ISO-226 ATH refers to the very best possible hearing, perhaps found in a 10 year old child. ANSI standards used in hearing tests are based on young adults. A dBHL unit has its zero point on the audiometry (ANSI) scale. So your audiometry is likely too low, compared to the ISO-226 ATH.
The ISO standard relates dBSPL (as measured by a microphone) to the human hearing levels in Phons. The relationship between dBHL (measured in the hearing test) and dBSPL is only loosely defined.
Crescendo is based on the “EarSpring” model for human hearing, and it clearly shows a NYC-like, ski-jump, compression compensation curve, not the linear compression curves used for speech restoration. Crescendo also works in Phon space, not dBSPL, and not dBHL.
What all this means is that if you use your reported audiometry for setting up your Crescendo, you might try adding 5 dB to the 1 kHz and 1.5 kHz levels, add 10 dB to 2 kHz, 3 kHz, and 4 kHz, and add 15 dB to the 6 kHz and 8 kHz threshold elevations. When I do this, everything really does sound more correct to me. But your mileage will possibly vary, depending on the test devices used for your own audiometry. Consistency is a poor bet between tests.
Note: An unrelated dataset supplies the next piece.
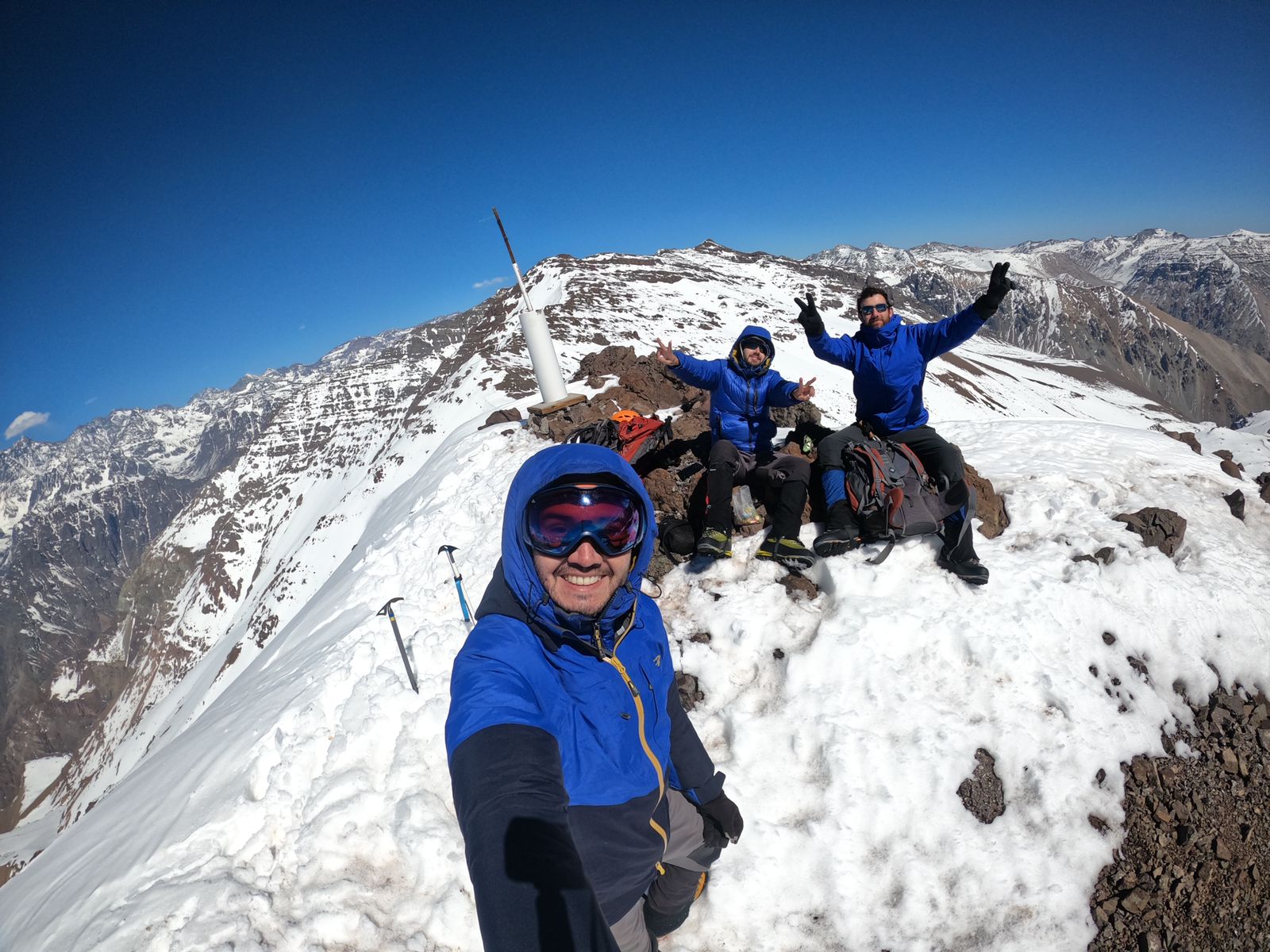Cumbre por vía normal. Asenso luego de las últimas nevadas de septiembre, bastante nieve, hasta la cintura en algunos puntos. Excelente día y buenas condiciones de tiempo, mucho viento en las partes altas. 5 horas y media desde CB a Cumbre, 2 hrs de bajada.

Difference between Flat Spectral Response and Subjective Preferences
Crescendo is intended to play through spectrally flat transducers. Of course, headphones and speakers are never spectrally flat. Your room affects playback through speakers. And the close proximity of the headphone speakers and the cups of your headphones interact with your pinnae to produce a wildly complicated spectral response. Absolutely crazy not flat spectral response.
Some people use software corrections, like those provided by Sonarworks Ltd., to make your speakers and headphones “spectrally flat”.
But then… do they really become Spectrally Flat? Or do they represent the ideal listener preferences? These two are not the same thing.
Dr. Sean Olive, of Harmon Research, has written extensively on the proper setup of speaker systems and related headphone measurement systems. He finds that the “ideal” listening room, as judged by listener preferences, has a -1 dB / octave rolloff. And headphones should strive for this, plus a 4 dB lift in the deep bass region. Not at all, spectrally flat.
So when Sonarworks claims to “flatten” your headphone response, they claim it is tied back to subjective ideals. Does this subjective ideal refer to the ideal listening room with -1 dB/octave rolloff? Or does it refer to subjectively sensed spectral flatness? There is no hint from them about how to interpret their words. (The operative word here is “subjective”.)
So my recommendation is to try it both ways, and choose whatever sounds best to you. Sonarworks allows you to provide a spectral tilt to the playback response. You might try using a compensating +1 dB/octave rollup to overcome any possible -1 dB/octave rolloff. That would be the +5 dB setting on the Sonarworks spectral tilt. Try using it, or not.
[Well, assuming the offsets applied to my measured audiology elevations are correct, when I try the +1 dB/octave compensation in Sonarworks and listen to female commentators on videos, the sound has a broad artificial high frequency resonance to it. A kind of ringing on her voice. So it seems that Sonarworks is likely flattening the spectrum, and not adhering to listener preferences with rolloff.]